In the area adjacent to the Church of Nostra Segnora de Mesumundu, there is a necropolis consisting of burials dating back to the 6th–7th century AD. The tombs were excavated under the direction of the archaeologist Guglielmo Maetzke between 1958 and 1965, on that occasion various jewels and weapons were found, which are kept at the Museo nazionale archeologico ed etnografico G. A. Sanna of Sassari.

== Excavations of the 2010s ==
From 2011 to 2018, in the context of the summer schools sponsored by the University of Sassari, 7 archaeological excavation campaigns were carried out in the area, under the direction of the archaeologist Marco Milanese.

In 2015, during the fifth excavation campaign, a late antiquity settlement phase was identified, which can be placed between the abandonment of the Roman baths (3rd A.D.) and the construction of the church (6th A.D.); a well, a long room near the church and the remains of a (...) late antiquity building, with two-floor phases in cocciopesto, located in a neighboring area, not in immediate contiguity with the Byzantine church. It could be the remains of a modest early Christian building, in relation to which numerous burials have been found, referable to a small rural community.

In 2016, during the sixth excavation campaign of the UNISS directed by M. Milanese, it was further confirmed that Mesumundu has been a rural village between the 5th and the 7th sec. A.D..

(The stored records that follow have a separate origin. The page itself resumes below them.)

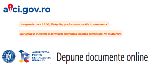 Multumita colegilor de pe – Contabili pe Facebook – va informam ca, potrivit unei avertizari postate recent pe platforma – www.aici.gov.ro – se pare ca incepand cu ora 19:00, 30 Aprilie 2020, platforma se va afla in mentenata.
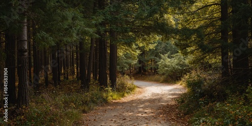 Fototapeta premium Pine forest pathway under canopy, ideal for outdoor recreation and trail...
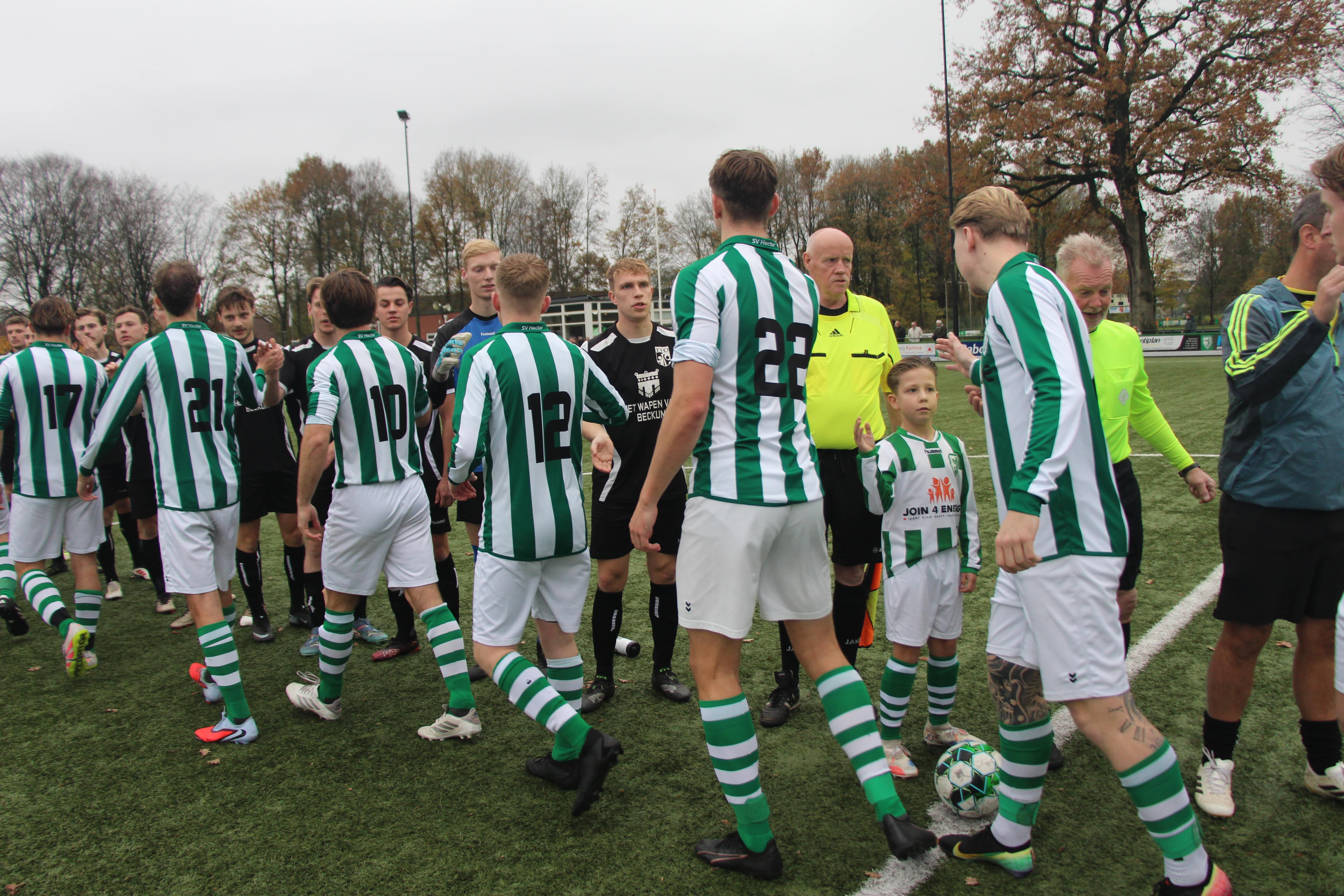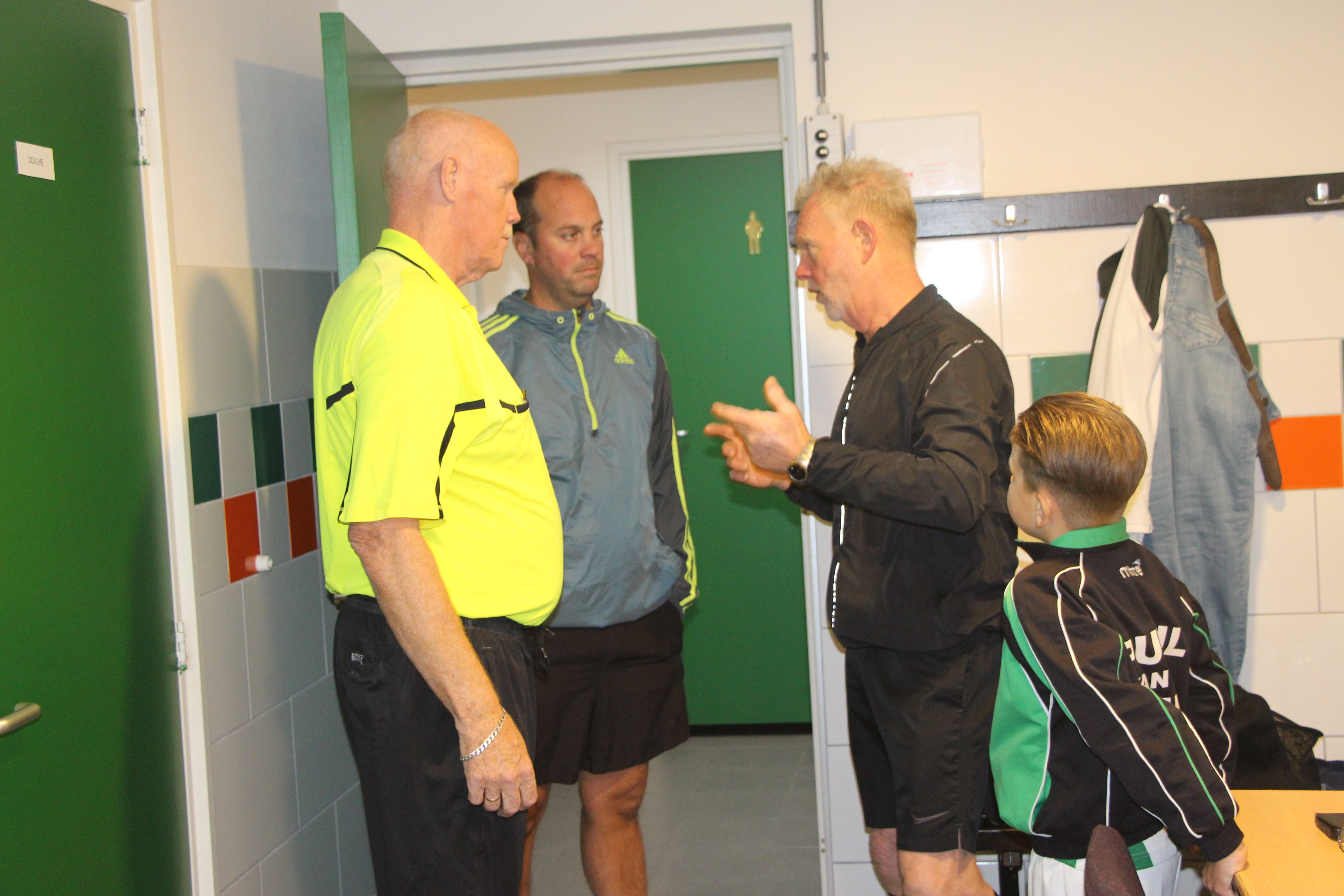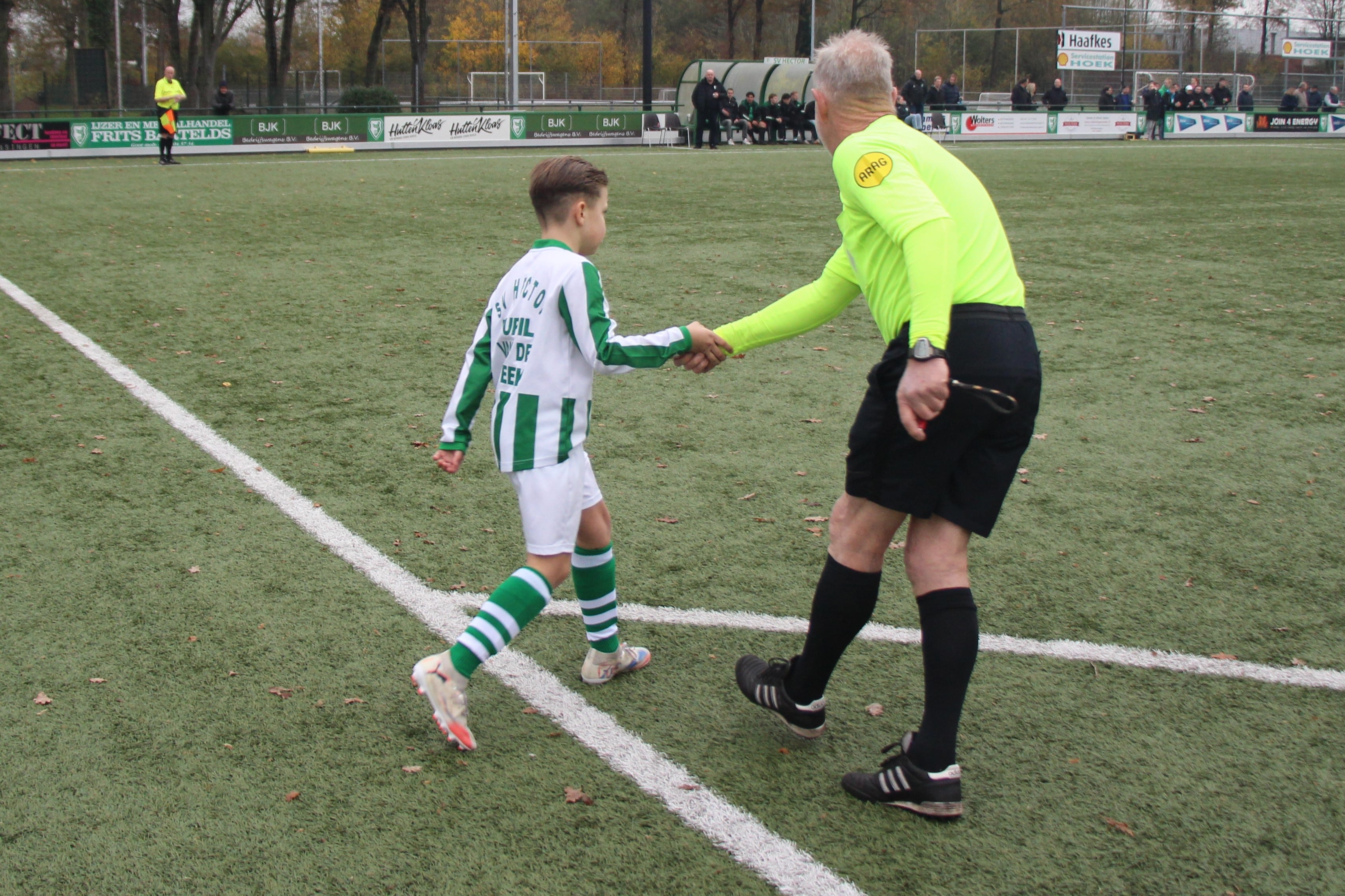 Met de scheids mee naar de kleedkamers voor de spelerscontrole en vervolgens de opkomst van de beide teams.
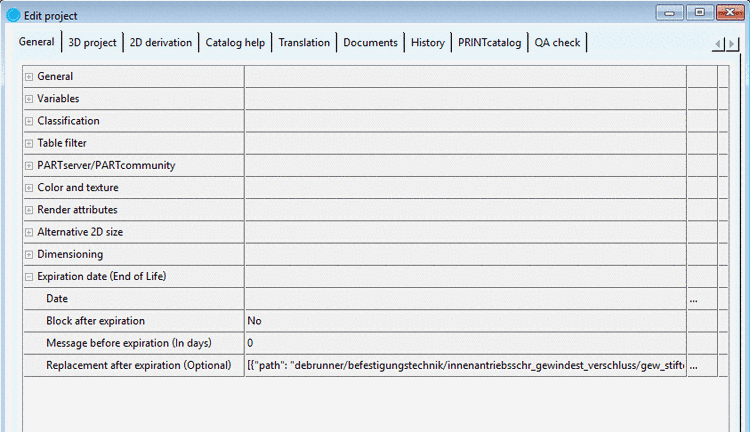 End of Life can also be set on project level. On this please see Section 5.9.2.12, “Menu item Expiration date (End of Life) ”. | |

Furthermore, in 2018, during an excavation, a stretch of paved Roman road dating back to the imperial era was found, which represents one of the rare segments of the Roman road in Sardinia. Depending on the orientation this could be a deviation, a sort of junction, in the direction of Ardara (and therefore of Olbia), which detached from the main axis of the Roman road network of Sardinia, which connected (Carales) Cagliari and (Turris Lybisonis) Porto Torres.